- _Provided data_:
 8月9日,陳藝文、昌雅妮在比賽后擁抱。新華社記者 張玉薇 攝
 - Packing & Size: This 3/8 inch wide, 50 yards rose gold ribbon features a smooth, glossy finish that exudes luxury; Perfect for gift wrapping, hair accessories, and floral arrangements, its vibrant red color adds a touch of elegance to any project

...

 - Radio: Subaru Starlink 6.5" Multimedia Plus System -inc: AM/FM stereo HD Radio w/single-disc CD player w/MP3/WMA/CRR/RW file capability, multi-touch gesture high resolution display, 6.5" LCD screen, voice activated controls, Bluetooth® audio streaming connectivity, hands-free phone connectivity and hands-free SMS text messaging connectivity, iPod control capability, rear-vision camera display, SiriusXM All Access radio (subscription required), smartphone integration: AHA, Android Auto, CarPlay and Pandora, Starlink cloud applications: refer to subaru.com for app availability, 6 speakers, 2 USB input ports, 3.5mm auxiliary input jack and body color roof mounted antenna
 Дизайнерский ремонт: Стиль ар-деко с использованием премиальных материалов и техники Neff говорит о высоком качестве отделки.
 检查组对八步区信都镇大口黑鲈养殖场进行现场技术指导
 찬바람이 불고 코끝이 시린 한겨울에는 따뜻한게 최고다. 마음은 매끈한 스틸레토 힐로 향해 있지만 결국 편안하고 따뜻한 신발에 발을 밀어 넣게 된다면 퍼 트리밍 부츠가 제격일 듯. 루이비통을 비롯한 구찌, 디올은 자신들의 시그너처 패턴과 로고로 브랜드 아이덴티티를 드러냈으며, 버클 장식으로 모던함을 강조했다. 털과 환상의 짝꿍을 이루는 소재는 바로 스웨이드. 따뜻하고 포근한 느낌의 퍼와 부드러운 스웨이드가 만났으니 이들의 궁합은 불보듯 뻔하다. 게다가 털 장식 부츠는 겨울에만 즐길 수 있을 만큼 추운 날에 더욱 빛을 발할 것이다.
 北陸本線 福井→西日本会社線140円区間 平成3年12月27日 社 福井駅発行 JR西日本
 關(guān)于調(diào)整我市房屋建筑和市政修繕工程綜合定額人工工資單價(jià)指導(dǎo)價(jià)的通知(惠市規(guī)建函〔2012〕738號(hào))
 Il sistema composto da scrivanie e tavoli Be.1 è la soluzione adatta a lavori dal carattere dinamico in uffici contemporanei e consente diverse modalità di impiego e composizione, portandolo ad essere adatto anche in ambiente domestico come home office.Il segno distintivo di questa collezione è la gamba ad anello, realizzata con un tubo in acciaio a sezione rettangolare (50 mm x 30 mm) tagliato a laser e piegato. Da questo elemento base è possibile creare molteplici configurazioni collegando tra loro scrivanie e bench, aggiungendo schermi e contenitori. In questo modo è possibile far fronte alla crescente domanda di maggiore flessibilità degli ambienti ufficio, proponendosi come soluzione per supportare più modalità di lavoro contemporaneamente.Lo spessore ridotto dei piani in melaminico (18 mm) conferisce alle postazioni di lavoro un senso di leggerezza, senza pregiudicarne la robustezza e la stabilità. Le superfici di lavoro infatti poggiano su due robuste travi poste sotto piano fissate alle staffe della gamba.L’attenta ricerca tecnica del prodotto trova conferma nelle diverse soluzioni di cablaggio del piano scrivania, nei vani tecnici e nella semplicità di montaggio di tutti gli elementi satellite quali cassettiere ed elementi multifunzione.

==

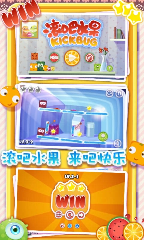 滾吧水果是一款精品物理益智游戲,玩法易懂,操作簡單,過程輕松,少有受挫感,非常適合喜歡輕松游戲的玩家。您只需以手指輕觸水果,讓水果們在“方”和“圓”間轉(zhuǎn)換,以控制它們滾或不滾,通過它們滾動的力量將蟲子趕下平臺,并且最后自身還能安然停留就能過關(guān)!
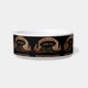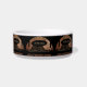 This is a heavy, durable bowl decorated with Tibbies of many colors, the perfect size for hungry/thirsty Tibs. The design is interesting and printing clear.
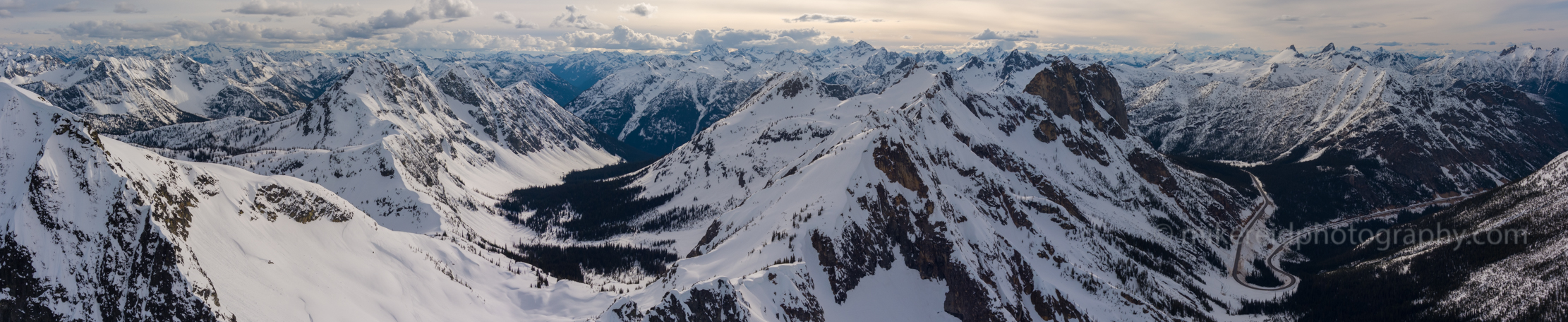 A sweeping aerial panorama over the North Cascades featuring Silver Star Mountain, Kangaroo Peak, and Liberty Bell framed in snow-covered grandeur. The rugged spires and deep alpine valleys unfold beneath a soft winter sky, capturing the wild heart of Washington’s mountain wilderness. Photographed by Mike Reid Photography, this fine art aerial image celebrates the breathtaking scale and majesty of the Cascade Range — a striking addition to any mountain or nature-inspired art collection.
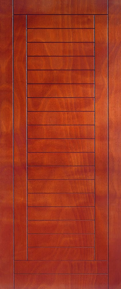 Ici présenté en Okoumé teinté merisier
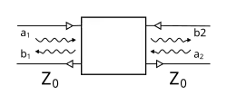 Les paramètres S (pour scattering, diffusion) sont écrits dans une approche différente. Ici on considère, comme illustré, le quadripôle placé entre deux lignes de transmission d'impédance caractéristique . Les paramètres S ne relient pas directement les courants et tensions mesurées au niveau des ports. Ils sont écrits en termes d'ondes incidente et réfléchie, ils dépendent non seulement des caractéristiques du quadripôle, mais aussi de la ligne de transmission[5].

- _Work item_: Take the listing above and repeat exactly the lines from the one containing "찬바람이 불고 코끝이" through the one containing "Il sistema composto", both included.

- _Completed task_:
 찬바람이 불고 코끝이 시린 한겨울에는 따뜻한게 최고다. 마음은 매끈한 스틸레토 힐로 향해 있지만 결국 편안하고 따뜻한 신발에 발을 밀어 넣게 된다면 퍼 트리밍 부츠가 제격일 듯. 루이비통을 비롯한 구찌, 디올은 자신들의 시그너처 패턴과 로고로 브랜드 아이덴티티를 드러냈으며, 버클 장식으로 모던함을 강조했다. 털과 환상의 짝꿍을 이루는 소재는 바로 스웨이드. 따뜻하고 포근한 느낌의 퍼와 부드러운 스웨이드가 만났으니 이들의 궁합은 불보듯 뻔하다. 게다가 털 장식 부츠는 겨울에만 즐길 수 있을 만큼 추운 날에 더욱 빛을 발할 것이다.
 北陸本線 福井→西日本会社線140円区間 平成3年12月27日 社 福井駅発行 JR西日本
 關(guān)于調(diào)整我市房屋建筑和市政修繕工程綜合定額人工工資單價(jià)指導(dǎo)價(jià)的通知(惠市規(guī)建函〔2012〕738號(hào))
 Il sistema composto da scrivanie e tavoli Be.1 è la soluzione adatta a lavori dal carattere dinamico in uffici contemporanei e consente diverse modalità di impiego e composizione, portandolo ad essere adatto anche in ambiente domestico come home office.Il segno distintivo di questa collezione è la gamba ad anello, realizzata con un tubo in acciaio a sezione rettangolare (50 mm x 30 mm) tagliato a laser e piegato. Da questo elemento base è possibile creare molteplici configurazioni collegando tra loro scrivanie e bench, aggiungendo schermi e contenitori. In questo modo è possibile far fronte alla crescente domanda di maggiore flessibilità degli ambienti ufficio, proponendosi come soluzione per supportare più modalità di lavoro contemporaneamente.Lo spessore ridotto dei piani in melaminico (18 mm) conferisce alle postazioni di lavoro un senso di leggerezza, senza pregiudicarne la robustezza e la stabilità. Le superfici di lavoro infatti poggiano su due robuste travi poste sotto piano fissate alle staffe della gamba.L’attenta ricerca tecnica del prodotto trova conferma nelle diverse soluzioni di cablaggio del piano scrivania, nei vani tecnici e nella semplicità di montaggio di tutti gli elementi satellite quali cassettiere ed elementi multifunzione.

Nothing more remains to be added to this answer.